**WHAT NEEDS TO BE DONE**
The task for the listing below is to write out exactly the lines starting at the one containing "Sukienka z Bawełny" and ending at the one containing "The BOM Section", both included. Pictures are to be omitted.

**TASK MATERIAL**
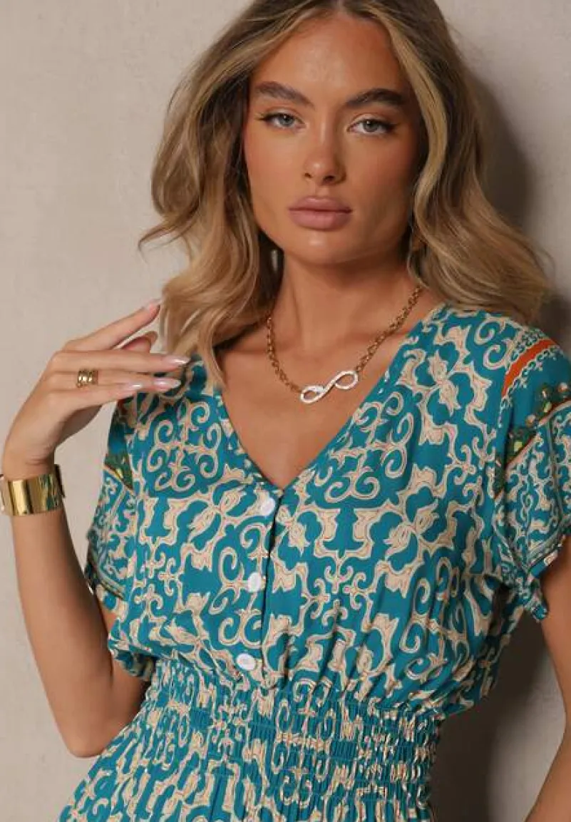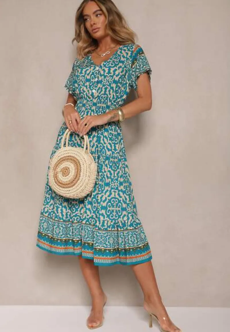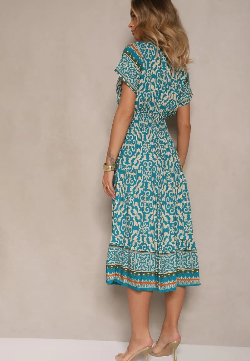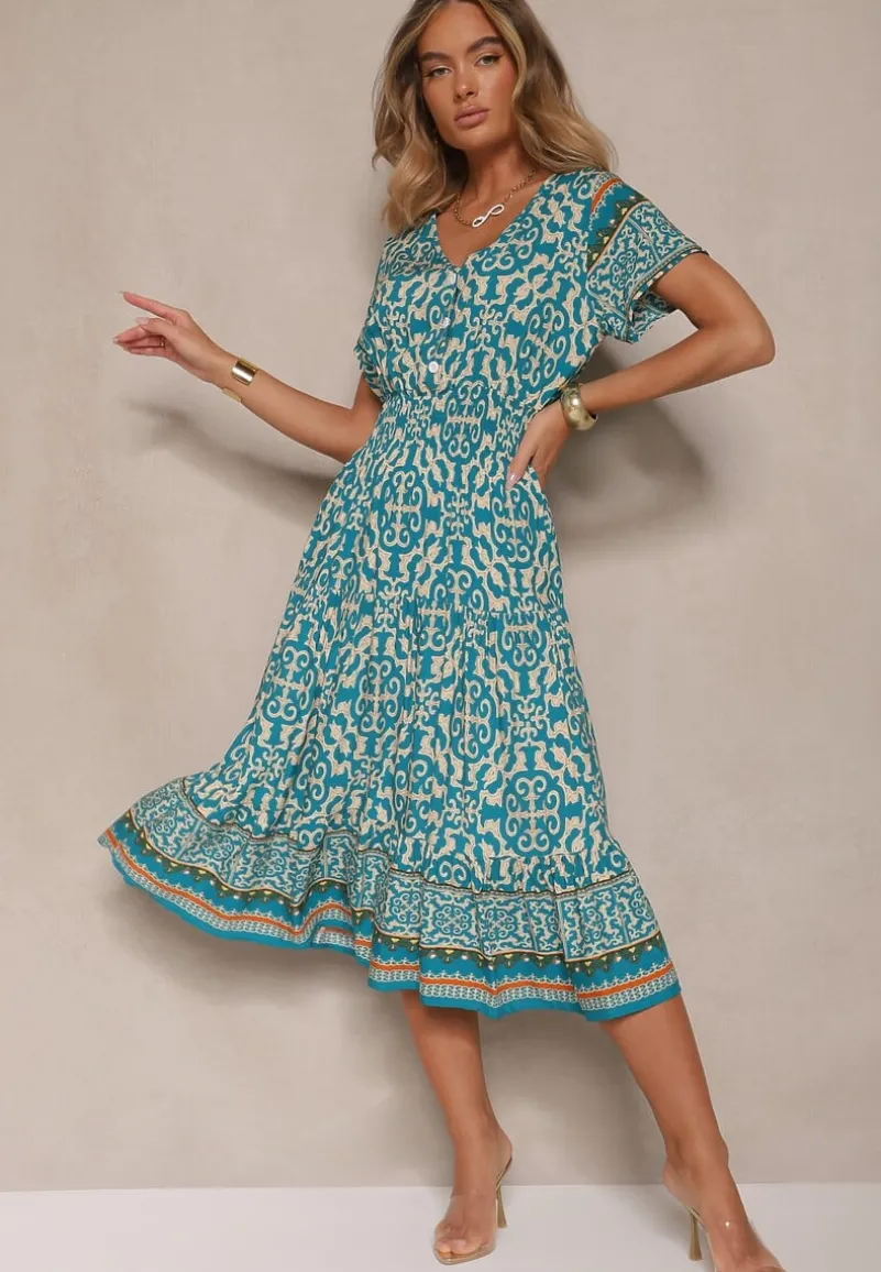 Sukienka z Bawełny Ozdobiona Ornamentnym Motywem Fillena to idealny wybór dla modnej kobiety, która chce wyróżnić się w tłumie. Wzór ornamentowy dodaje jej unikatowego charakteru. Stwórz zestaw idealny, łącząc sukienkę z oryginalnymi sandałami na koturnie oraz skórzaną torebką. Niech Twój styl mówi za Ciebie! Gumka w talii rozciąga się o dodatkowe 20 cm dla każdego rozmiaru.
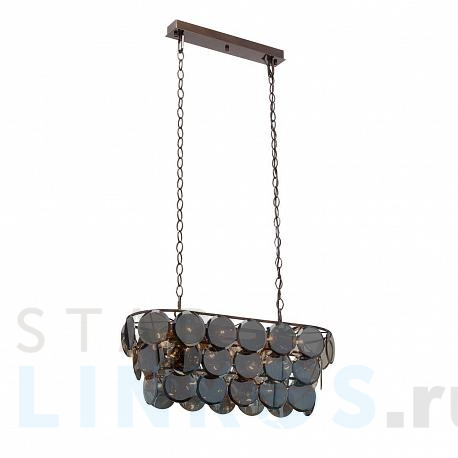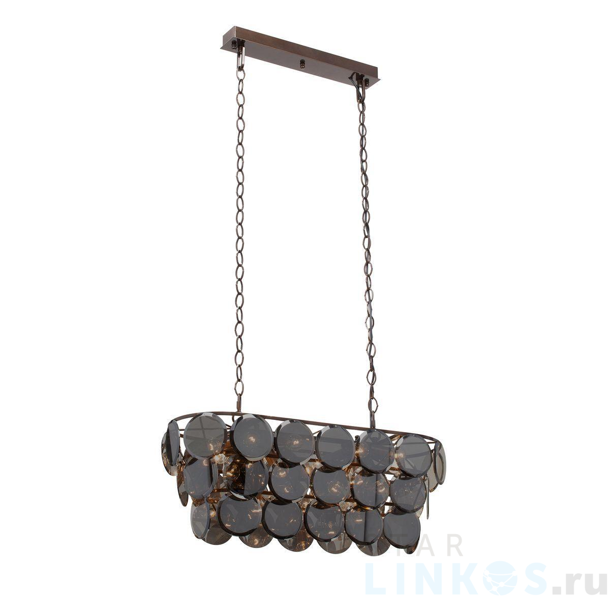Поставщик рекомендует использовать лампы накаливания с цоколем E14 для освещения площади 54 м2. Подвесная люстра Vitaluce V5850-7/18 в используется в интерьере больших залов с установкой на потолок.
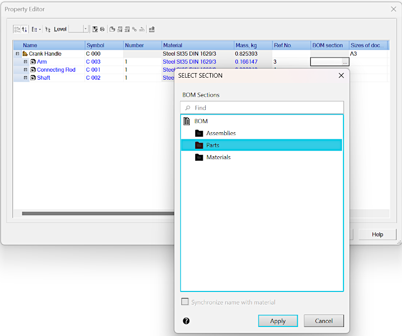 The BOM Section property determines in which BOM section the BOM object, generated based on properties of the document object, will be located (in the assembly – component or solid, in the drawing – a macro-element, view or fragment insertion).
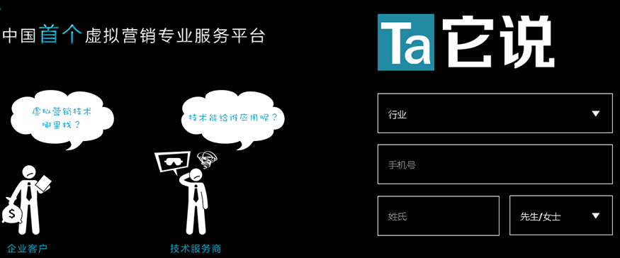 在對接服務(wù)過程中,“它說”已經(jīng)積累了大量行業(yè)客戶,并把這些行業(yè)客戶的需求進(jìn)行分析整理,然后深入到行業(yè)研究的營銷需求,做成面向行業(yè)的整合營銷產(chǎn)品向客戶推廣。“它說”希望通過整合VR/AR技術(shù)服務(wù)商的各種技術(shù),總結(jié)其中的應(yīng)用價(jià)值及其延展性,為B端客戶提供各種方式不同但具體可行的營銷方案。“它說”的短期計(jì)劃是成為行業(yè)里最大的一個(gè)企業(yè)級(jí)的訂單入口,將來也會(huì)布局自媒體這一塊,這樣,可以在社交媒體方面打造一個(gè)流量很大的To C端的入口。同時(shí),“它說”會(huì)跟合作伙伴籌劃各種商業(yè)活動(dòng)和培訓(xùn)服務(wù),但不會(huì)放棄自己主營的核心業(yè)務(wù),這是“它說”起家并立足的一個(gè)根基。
---
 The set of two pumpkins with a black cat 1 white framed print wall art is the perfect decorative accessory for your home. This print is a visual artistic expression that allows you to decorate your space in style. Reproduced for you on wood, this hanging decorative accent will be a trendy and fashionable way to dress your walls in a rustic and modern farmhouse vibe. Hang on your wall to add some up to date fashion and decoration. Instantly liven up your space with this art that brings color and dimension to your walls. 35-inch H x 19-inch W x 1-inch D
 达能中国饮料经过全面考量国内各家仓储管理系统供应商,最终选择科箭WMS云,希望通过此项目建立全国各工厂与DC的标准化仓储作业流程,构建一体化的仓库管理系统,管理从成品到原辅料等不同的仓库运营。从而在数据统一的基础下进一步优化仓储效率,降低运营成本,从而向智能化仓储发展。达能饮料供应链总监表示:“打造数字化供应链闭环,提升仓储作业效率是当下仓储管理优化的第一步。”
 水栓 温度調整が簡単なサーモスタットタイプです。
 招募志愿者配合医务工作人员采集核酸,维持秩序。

**RESULT BELOW**
 Sukienka z Bawełny Ozdobiona Ornamentnym Motywem Fillena to idealny wybór dla modnej kobiety, która chce wyróżnić się w tłumie. Wzór ornamentowy dodaje jej unikatowego charakteru. Stwórz zestaw idealny, łącząc sukienkę z oryginalnymi sandałami na koturnie oraz skórzaną torebką. Niech Twój styl mówi za Ciebie! Gumka w talii rozciąga się o dodatkowe 20 cm dla każdego rozmiaru.
Поставщик рекомендует использовать лампы накаливания с цоколем E14 для освещения площади 54 м2. Подвесная люстра Vitaluce V5850-7/18 в используется в интерьере больших залов с установкой на потолок.
 The BOM Section property determines in which BOM section the BOM object, generated based on properties of the document object, will be located (in the assembly – component or solid, in the drawing – a macro-element, view or fragment insertion).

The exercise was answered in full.